> Brief
Once the pictures are removed, output the remaining entries exactly as given.

** Records for this exercise follows **

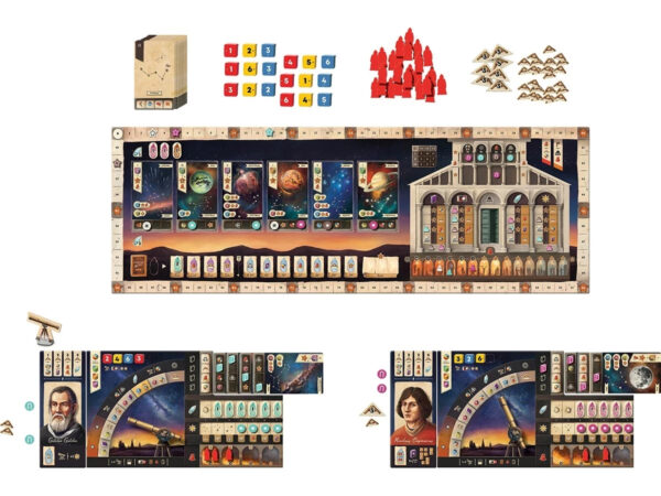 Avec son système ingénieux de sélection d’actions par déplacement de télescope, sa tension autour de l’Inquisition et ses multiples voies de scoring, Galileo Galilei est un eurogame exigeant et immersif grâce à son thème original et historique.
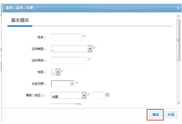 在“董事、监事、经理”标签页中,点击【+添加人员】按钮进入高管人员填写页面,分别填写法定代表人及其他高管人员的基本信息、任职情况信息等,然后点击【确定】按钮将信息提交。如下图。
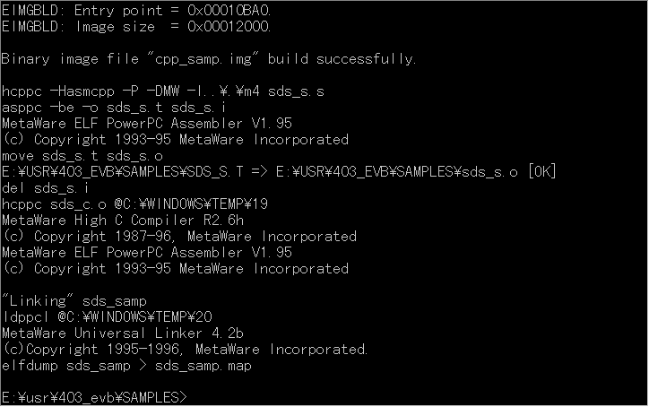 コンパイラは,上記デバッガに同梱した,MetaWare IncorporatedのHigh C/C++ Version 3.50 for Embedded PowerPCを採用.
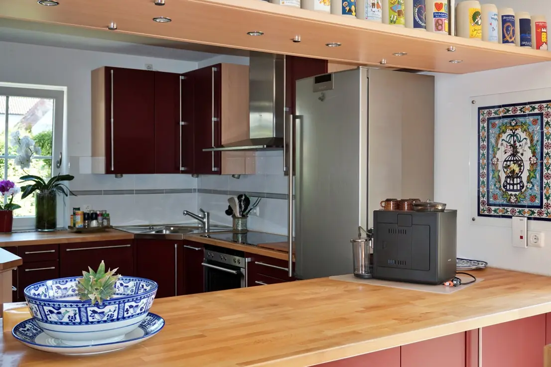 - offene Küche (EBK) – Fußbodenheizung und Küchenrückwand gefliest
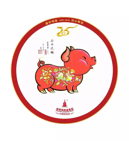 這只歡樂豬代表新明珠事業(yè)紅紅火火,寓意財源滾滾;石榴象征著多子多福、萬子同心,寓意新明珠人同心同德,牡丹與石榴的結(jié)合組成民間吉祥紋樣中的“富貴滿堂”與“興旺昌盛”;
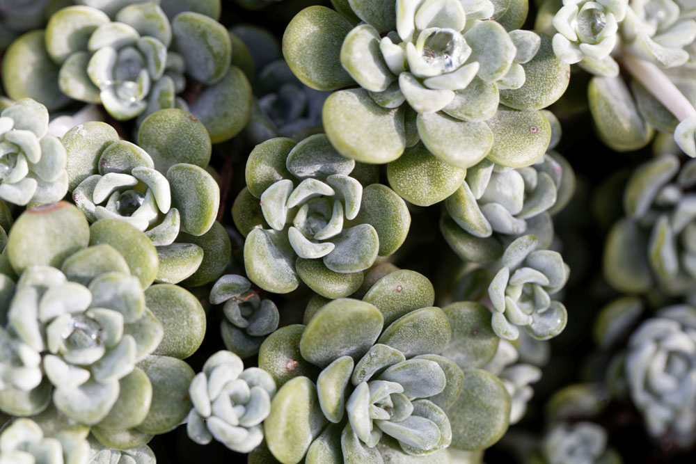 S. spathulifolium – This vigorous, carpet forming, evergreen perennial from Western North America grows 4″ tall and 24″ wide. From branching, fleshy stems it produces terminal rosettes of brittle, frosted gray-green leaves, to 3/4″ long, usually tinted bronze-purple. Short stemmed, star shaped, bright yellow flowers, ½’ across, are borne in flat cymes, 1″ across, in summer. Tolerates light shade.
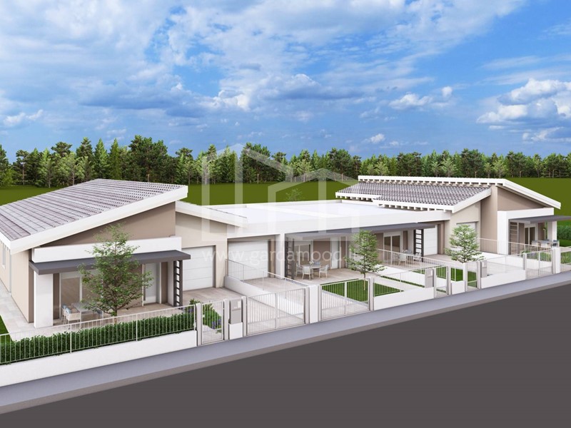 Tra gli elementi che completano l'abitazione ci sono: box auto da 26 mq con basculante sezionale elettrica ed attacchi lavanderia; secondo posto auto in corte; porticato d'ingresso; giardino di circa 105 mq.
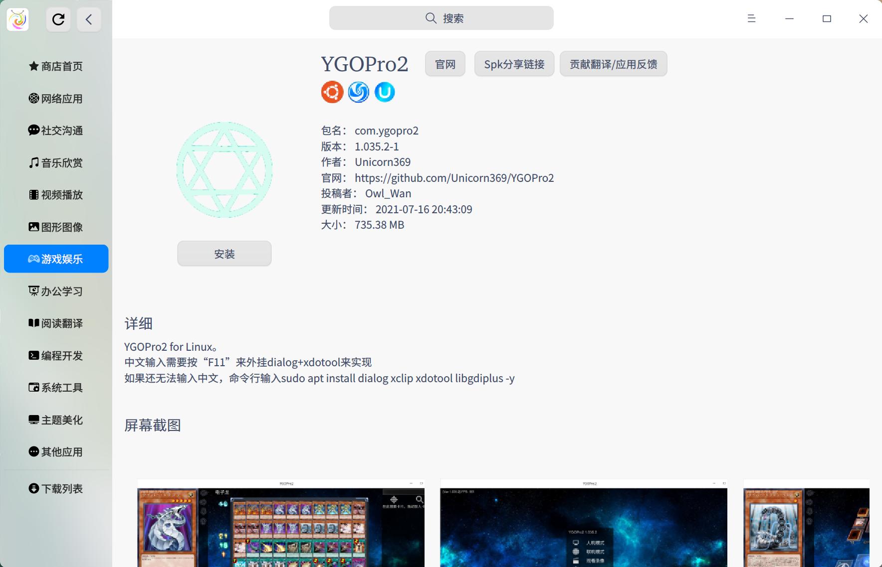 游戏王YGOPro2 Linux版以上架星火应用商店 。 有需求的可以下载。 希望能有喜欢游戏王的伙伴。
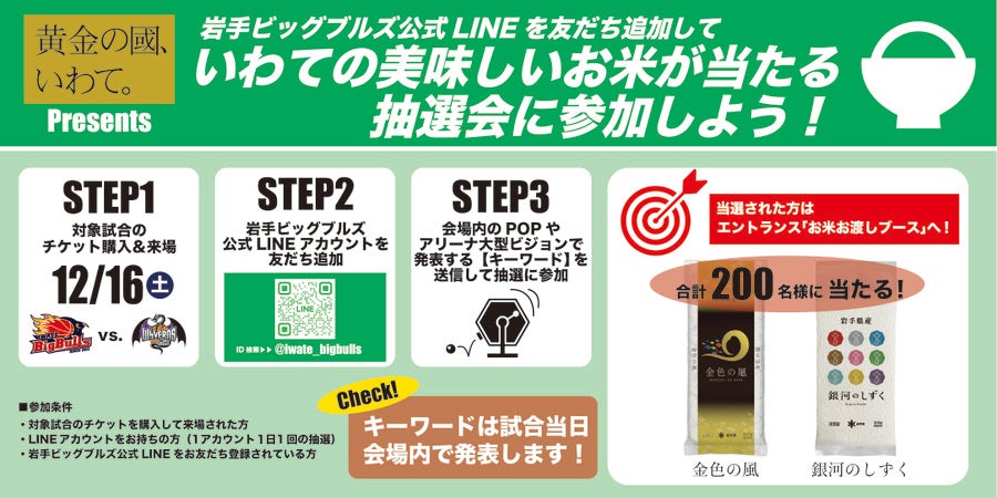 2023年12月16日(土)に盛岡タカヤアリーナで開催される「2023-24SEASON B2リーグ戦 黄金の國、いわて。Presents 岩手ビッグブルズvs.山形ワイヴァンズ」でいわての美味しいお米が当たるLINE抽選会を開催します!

** End of Records for this exercise **

> Answer section
 Avec son système ingénieux de sélection d’actions par déplacement de télescope, sa tension autour de l’Inquisition et ses multiples voies de scoring, Galileo Galilei est un eurogame exigeant et immersif grâce à son thème original et historique.
 在“董事、监事、经理”标签页中,点击【+添加人员】按钮进入高管人员填写页面,分别填写法定代表人及其他高管人员的基本信息、任职情况信息等,然后点击【确定】按钮将信息提交。如下图。
 コンパイラは,上記デバッガに同梱した,MetaWare IncorporatedのHigh C/C++ Version 3.50 for Embedded PowerPCを採用.
 - offene Küche (EBK) – Fußbodenheizung und Küchenrückwand gefliest
 這只歡樂豬代表新明珠事業(yè)紅紅火火,寓意財源滾滾;石榴象征著多子多福、萬子同心,寓意新明珠人同心同德,牡丹與石榴的結(jié)合組成民間吉祥紋樣中的“富貴滿堂”與“興旺昌盛”;
 S. spathulifolium – This vigorous, carpet forming, evergreen perennial from Western North America grows 4″ tall and 24″ wide. From branching, fleshy stems it produces terminal rosettes of brittle, frosted gray-green leaves, to 3/4″ long, usually tinted bronze-purple. Short stemmed, star shaped, bright yellow flowers, ½’ across, are borne in flat cymes, 1″ across, in summer. Tolerates light shade.
 Tra gli elementi che completano l'abitazione ci sono: box auto da 26 mq con basculante sezionale elettrica ed attacchi lavanderia; secondo posto auto in corte; porticato d'ingresso; giardino di circa 105 mq.
 游戏王YGOPro2 Linux版以上架星火应用商店 。 有需求的可以下载。 希望能有喜欢游戏王的伙伴。
 2023年12月16日(土)に盛岡タカヤアリーナで開催される「2023-24SEASON B2リーグ戦 黄金の國、いわて。Presents 岩手ビッグブルズvs.山形ワイヴァンズ」でいわての美味しいお米が当たるLINE抽選会を開催します!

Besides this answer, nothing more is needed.